Stored entries:
·····
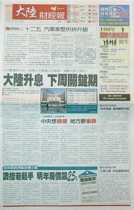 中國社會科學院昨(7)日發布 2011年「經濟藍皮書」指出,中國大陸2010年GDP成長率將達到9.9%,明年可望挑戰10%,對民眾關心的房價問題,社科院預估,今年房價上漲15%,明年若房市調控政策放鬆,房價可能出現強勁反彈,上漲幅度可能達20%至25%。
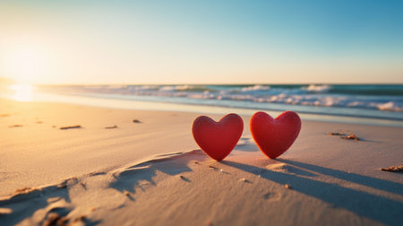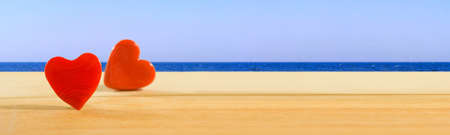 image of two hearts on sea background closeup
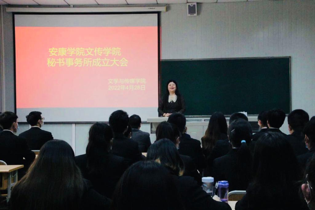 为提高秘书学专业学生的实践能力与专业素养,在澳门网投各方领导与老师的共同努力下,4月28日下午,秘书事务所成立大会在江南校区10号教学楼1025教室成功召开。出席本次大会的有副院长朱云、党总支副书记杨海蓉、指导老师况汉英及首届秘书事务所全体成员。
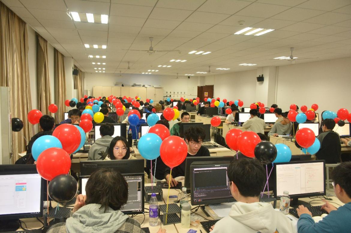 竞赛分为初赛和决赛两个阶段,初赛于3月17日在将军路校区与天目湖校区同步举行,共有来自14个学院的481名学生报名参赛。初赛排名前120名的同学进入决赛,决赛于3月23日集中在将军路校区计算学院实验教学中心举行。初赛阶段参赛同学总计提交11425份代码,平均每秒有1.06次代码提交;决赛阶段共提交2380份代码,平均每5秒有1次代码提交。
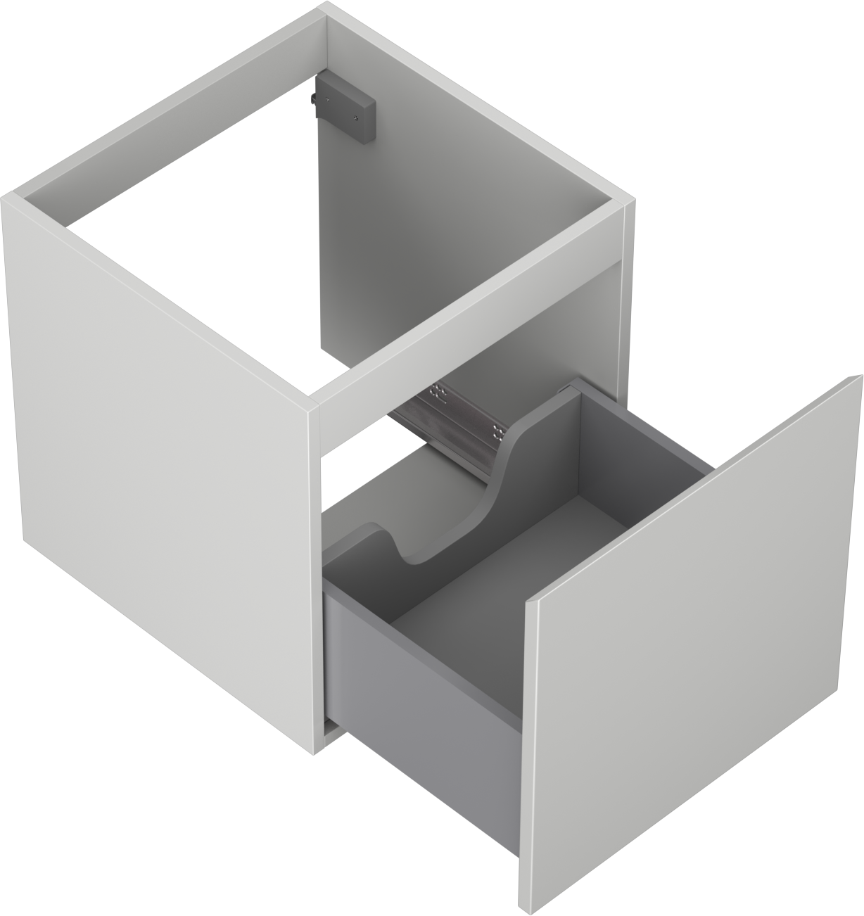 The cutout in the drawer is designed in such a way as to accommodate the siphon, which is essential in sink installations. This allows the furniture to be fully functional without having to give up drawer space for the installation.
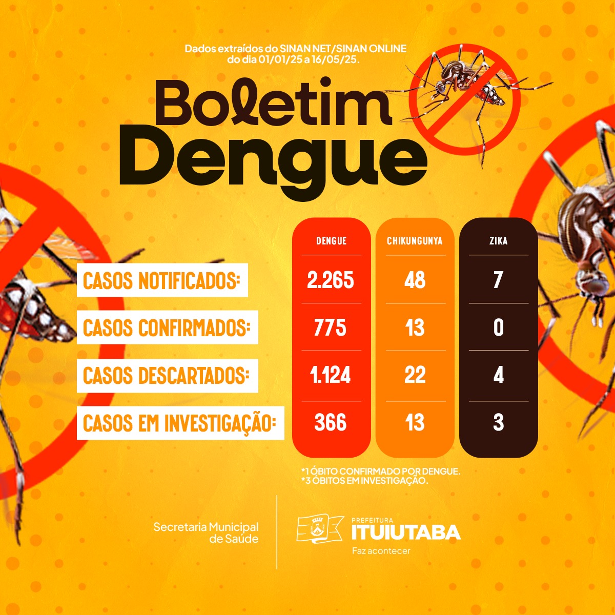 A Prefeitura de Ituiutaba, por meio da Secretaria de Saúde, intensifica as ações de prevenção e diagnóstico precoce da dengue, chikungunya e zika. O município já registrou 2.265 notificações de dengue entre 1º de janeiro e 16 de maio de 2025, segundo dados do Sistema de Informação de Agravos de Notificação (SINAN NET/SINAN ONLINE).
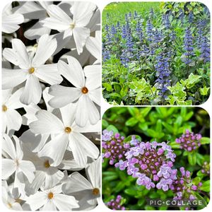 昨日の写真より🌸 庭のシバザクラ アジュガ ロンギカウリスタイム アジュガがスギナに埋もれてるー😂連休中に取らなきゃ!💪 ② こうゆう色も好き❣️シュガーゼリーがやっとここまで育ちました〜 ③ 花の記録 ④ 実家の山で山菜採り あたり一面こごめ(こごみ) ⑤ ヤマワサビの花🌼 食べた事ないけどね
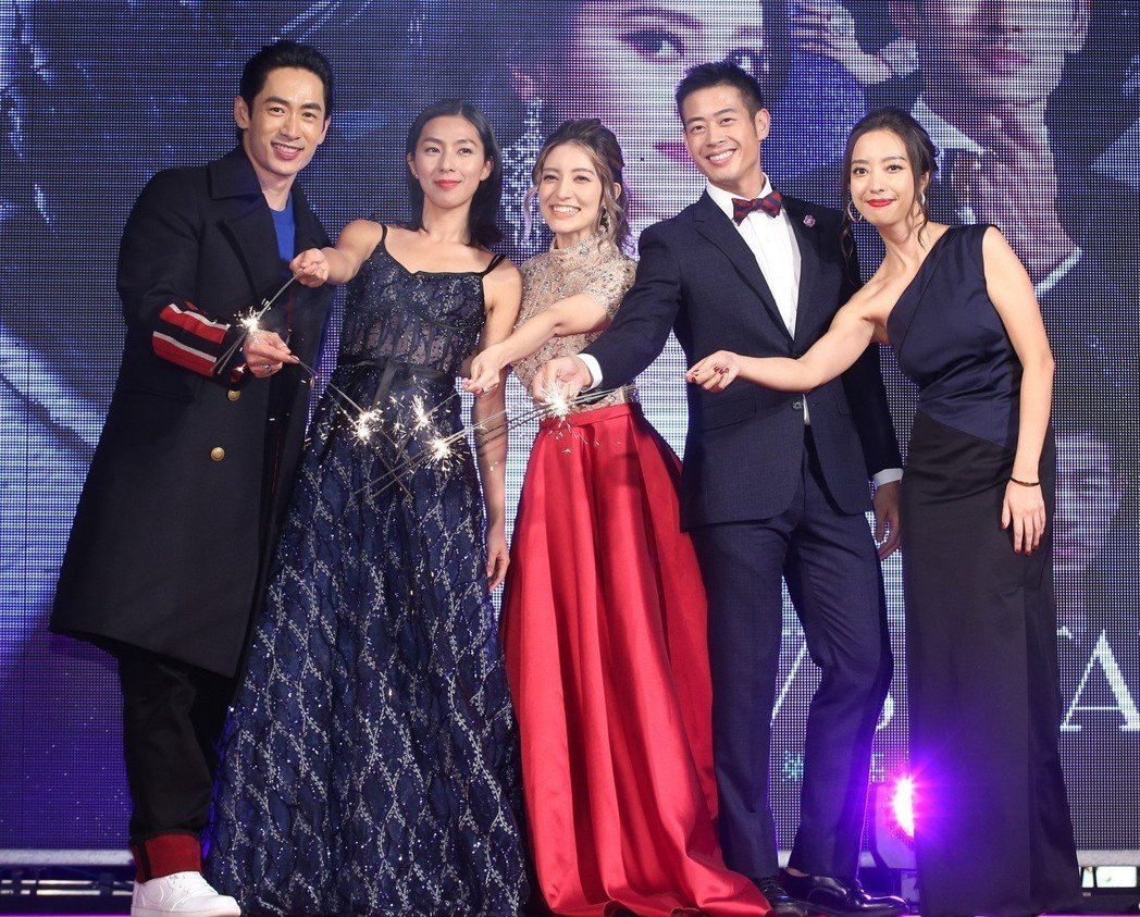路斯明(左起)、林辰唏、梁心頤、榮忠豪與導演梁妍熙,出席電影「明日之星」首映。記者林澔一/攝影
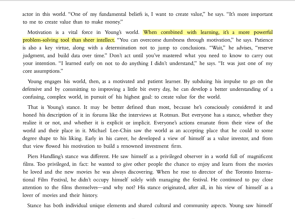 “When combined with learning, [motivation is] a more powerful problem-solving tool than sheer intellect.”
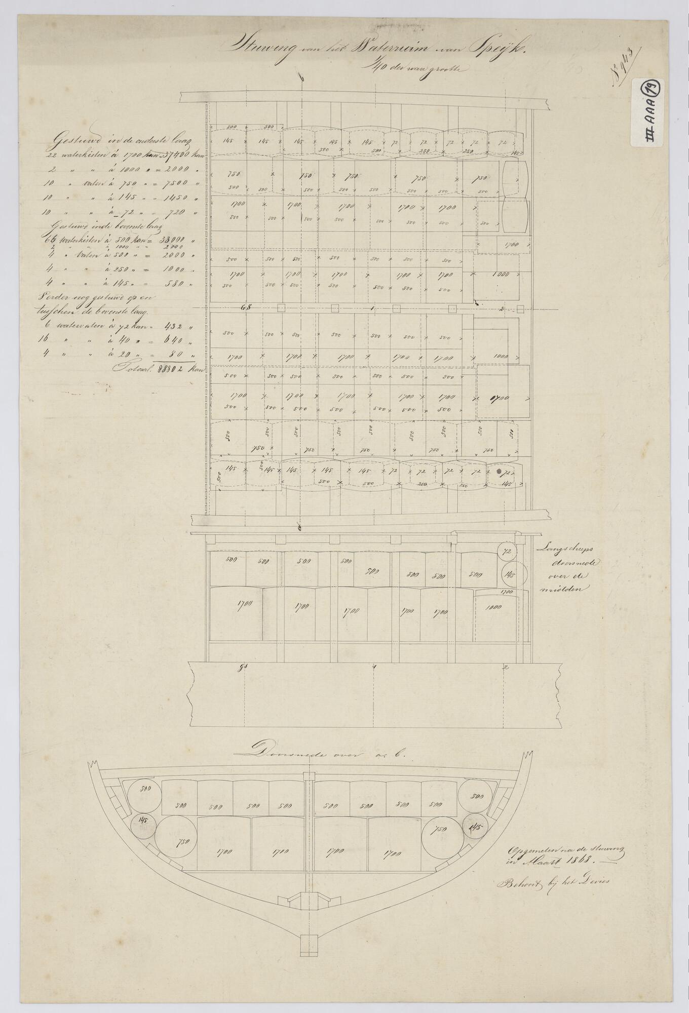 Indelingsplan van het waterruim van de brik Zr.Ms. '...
·····
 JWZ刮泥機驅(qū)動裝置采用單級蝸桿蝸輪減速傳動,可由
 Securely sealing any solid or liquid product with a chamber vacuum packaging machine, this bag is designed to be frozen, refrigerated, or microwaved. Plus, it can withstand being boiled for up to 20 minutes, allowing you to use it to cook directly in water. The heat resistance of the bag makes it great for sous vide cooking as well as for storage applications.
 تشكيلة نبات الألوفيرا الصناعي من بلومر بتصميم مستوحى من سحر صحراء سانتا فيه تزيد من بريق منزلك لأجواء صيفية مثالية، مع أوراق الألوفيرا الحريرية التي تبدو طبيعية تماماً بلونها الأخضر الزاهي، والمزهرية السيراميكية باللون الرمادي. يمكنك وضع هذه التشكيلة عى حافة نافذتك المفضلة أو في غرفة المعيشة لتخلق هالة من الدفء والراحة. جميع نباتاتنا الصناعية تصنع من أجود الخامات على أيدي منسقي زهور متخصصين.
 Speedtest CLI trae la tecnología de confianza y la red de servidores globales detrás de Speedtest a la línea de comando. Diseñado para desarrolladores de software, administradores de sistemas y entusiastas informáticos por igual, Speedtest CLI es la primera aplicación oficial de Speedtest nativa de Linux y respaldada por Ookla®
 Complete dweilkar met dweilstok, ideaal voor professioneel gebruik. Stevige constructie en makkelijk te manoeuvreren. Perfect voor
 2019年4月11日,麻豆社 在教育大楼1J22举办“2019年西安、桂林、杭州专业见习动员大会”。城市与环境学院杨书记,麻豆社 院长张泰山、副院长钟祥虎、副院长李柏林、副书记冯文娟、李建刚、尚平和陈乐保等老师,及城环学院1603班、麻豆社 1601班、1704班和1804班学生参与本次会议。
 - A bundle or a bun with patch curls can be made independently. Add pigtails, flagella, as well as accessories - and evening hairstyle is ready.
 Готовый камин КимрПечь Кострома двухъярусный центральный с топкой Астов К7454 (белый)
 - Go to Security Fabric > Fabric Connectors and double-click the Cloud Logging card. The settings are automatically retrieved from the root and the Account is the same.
·····
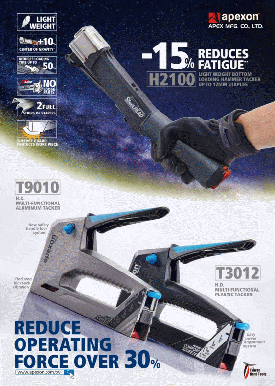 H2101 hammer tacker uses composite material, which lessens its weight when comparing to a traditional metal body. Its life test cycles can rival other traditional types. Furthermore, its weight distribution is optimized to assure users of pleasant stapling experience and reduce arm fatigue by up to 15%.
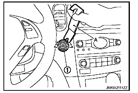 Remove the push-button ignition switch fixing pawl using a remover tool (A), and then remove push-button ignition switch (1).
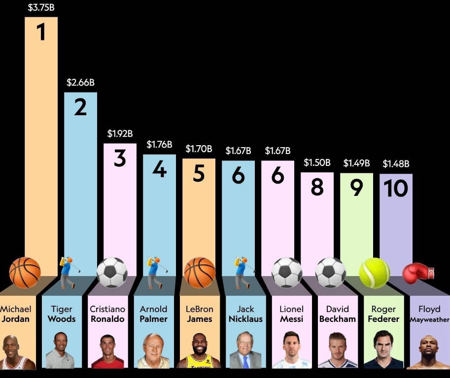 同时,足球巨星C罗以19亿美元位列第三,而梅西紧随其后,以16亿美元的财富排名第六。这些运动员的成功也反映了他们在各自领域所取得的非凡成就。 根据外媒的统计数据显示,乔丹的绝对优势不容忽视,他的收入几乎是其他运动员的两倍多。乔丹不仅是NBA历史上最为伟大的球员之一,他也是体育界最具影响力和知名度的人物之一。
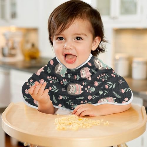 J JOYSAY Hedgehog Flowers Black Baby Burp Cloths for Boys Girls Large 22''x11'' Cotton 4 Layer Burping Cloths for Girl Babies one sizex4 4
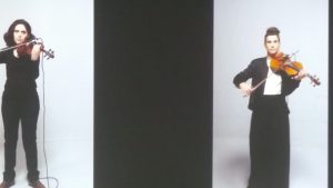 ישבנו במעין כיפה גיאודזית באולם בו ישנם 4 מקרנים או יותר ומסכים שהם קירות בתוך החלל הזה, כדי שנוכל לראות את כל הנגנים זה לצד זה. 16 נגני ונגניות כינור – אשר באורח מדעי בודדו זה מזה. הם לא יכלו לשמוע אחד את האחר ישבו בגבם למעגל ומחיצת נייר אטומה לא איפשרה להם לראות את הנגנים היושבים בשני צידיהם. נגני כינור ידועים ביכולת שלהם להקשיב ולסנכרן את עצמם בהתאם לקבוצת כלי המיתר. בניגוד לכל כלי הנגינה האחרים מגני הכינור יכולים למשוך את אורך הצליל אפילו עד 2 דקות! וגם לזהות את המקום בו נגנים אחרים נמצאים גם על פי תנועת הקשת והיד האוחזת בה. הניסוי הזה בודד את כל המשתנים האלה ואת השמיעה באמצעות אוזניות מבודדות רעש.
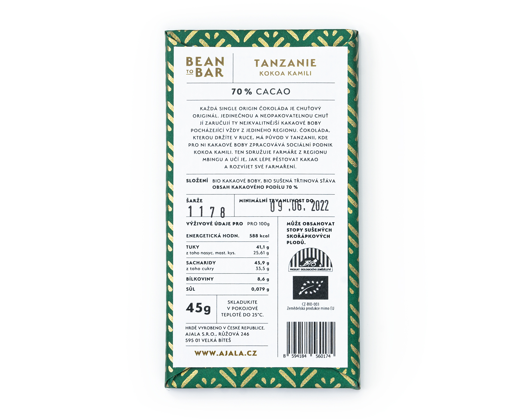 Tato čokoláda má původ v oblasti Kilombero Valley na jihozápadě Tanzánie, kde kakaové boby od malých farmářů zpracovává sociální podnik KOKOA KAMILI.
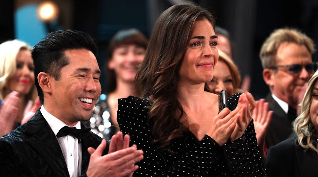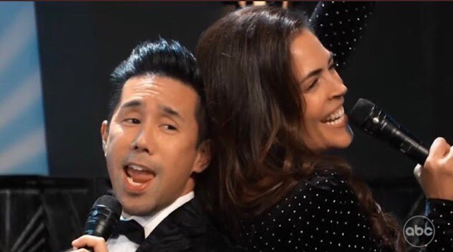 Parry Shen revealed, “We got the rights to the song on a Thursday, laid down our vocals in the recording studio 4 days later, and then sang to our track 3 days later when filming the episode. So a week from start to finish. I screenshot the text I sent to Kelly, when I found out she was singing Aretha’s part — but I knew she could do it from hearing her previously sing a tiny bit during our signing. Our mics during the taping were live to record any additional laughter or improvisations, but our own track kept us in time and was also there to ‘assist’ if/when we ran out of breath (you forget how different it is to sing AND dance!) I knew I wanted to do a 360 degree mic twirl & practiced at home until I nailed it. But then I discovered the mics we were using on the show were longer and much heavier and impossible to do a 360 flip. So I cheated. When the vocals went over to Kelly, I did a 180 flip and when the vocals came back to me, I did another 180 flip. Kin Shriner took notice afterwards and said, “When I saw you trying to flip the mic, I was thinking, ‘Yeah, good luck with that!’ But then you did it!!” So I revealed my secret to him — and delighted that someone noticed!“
·····
Out of the records above, please copy exactly the lines from the line with "中國社會科學院昨(7)日發布" up to and including the line with "路斯明(左起)、林辰唏、梁心", minus the pictures.

 中國社會科學院昨(7)日發布 2011年「經濟藍皮書」指出,中國大陸2010年GDP成長率將達到9.9%,明年可望挑戰10%,對民眾關心的房價問題,社科院預估,今年房價上漲15%,明年若房市調控政策放鬆,房價可能出現強勁反彈,上漲幅度可能達20%至25%。
 image of two hearts on sea background closeup
 为提高秘书学专业学生的实践能力与专业素养,在澳门网投各方领导与老师的共同努力下,4月28日下午,秘书事务所成立大会在江南校区10号教学楼1025教室成功召开。出席本次大会的有副院长朱云、党总支副书记杨海蓉、指导老师况汉英及首届秘书事务所全体成员。
 竞赛分为初赛和决赛两个阶段,初赛于3月17日在将军路校区与天目湖校区同步举行,共有来自14个学院的481名学生报名参赛。初赛排名前120名的同学进入决赛,决赛于3月23日集中在将军路校区计算学院实验教学中心举行。初赛阶段参赛同学总计提交11425份代码,平均每秒有1.06次代码提交;决赛阶段共提交2380份代码,平均每5秒有1次代码提交。
 The cutout in the drawer is designed in such a way as to accommodate the siphon, which is essential in sink installations. This allows the furniture to be fully functional without having to give up drawer space for the installation.
 A Prefeitura de Ituiutaba, por meio da Secretaria de Saúde, intensifica as ações de prevenção e diagnóstico precoce da dengue, chikungunya e zika. O município já registrou 2.265 notificações de dengue entre 1º de janeiro e 16 de maio de 2025, segundo dados do Sistema de Informação de Agravos de Notificação (SINAN NET/SINAN ONLINE).
 昨日の写真より🌸 庭のシバザクラ アジュガ ロンギカウリスタイム アジュガがスギナに埋もれてるー😂連休中に取らなきゃ!💪 ② こうゆう色も好き❣️シュガーゼリーがやっとここまで育ちました〜 ③ 花の記録 ④ 実家の山で山菜採り あたり一面こごめ(こごみ) ⑤ ヤマワサビの花🌼 食べた事ないけどね
路斯明(左起)、林辰唏、梁心頤、榮忠豪與導演梁妍熙,出席電影「明日之星」首映。記者林澔一/攝影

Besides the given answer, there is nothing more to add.